**Directions:**
With images excluded, write out each entry below exactly as given.

(Collected data)
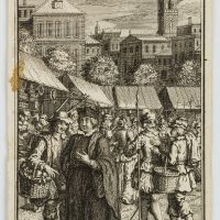 - Description: Costume scene. One of the countless miniatures and illustrations of contemporary literature by the Dutch artist Jacob Folkema. Depicts a scene in a marketplace near a town with magnificent classical buildings. In the foreground a peasant and a clergyman are engaged in conversation.
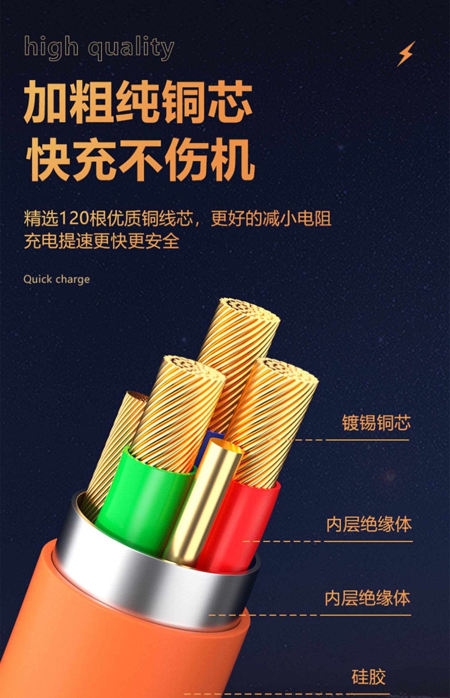 1.2米机客线120W超级快充【赤橙橘】一拖三【两条装
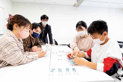 児童教育コースでは、日立市教育委員会と連携し、小学校で学生が教師のアシスタントとして学習・教育実習をサポートする活動を行っています。また、県内私立大学として唯一の特別支援学校教諭一種免許状が取得できる課程があり、「特別支援学校」教員としての採用に加え、各学校に配置されたさまざまな障がいのある子どものための「特別支援学級」教員として活躍できる道も広がっています。
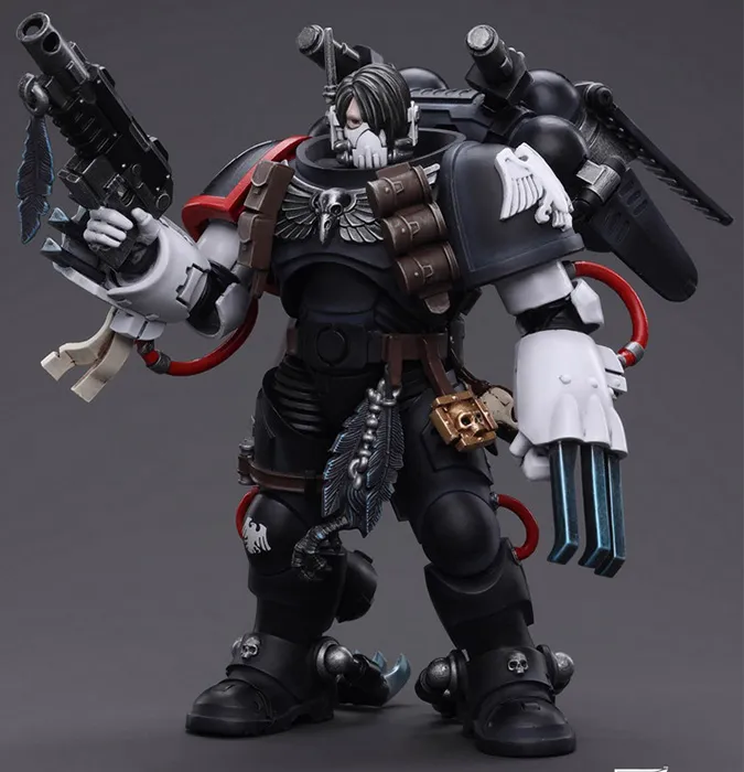Masters of stealth and guerilla warfare, the Raven Guard chapter of Space Marines works covertly to support the Emperor. Patient and cunning to a fault, they overwhelm their opponents through shocking speed with devastating accuracy. Each figure typically includes interchangeable hands and weapon accessories and stands between 4 inches and 6 inches tall.
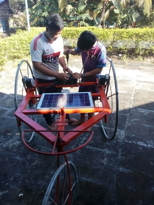 Thầy trò trường làng chế xe canh tác lúa đa năng sử dụng năng lượng xanh

**Answer to this exercise:**
 - Description: Costume scene. One of the countless miniatures and illustrations of contemporary literature by the Dutch artist Jacob Folkema. Depicts a scene in a marketplace near a town with magnificent classical buildings. In the foreground a peasant and a clergyman are engaged in conversation.
 1.2米机客线120W超级快充【赤橙橘】一拖三【两条装
 児童教育コースでは、日立市教育委員会と連携し、小学校で学生が教師のアシスタントとして学習・教育実習をサポートする活動を行っています。また、県内私立大学として唯一の特別支援学校教諭一種免許状が取得できる課程があり、「特別支援学校」教員としての採用に加え、各学校に配置されたさまざまな障がいのある子どものための「特別支援学級」教員として活躍できる道も広がっています。
Masters of stealth and guerilla warfare, the Raven Guard chapter of Space Marines works covertly to support the Emperor. Patient and cunning to a fault, they overwhelm their opponents through shocking speed with devastating accuracy. Each figure typically includes interchangeable hands and weapon accessories and stands between 4 inches and 6 inches tall.
 Thầy trò trường làng chế xe canh tác lúa đa năng sử dụng năng lượng xanh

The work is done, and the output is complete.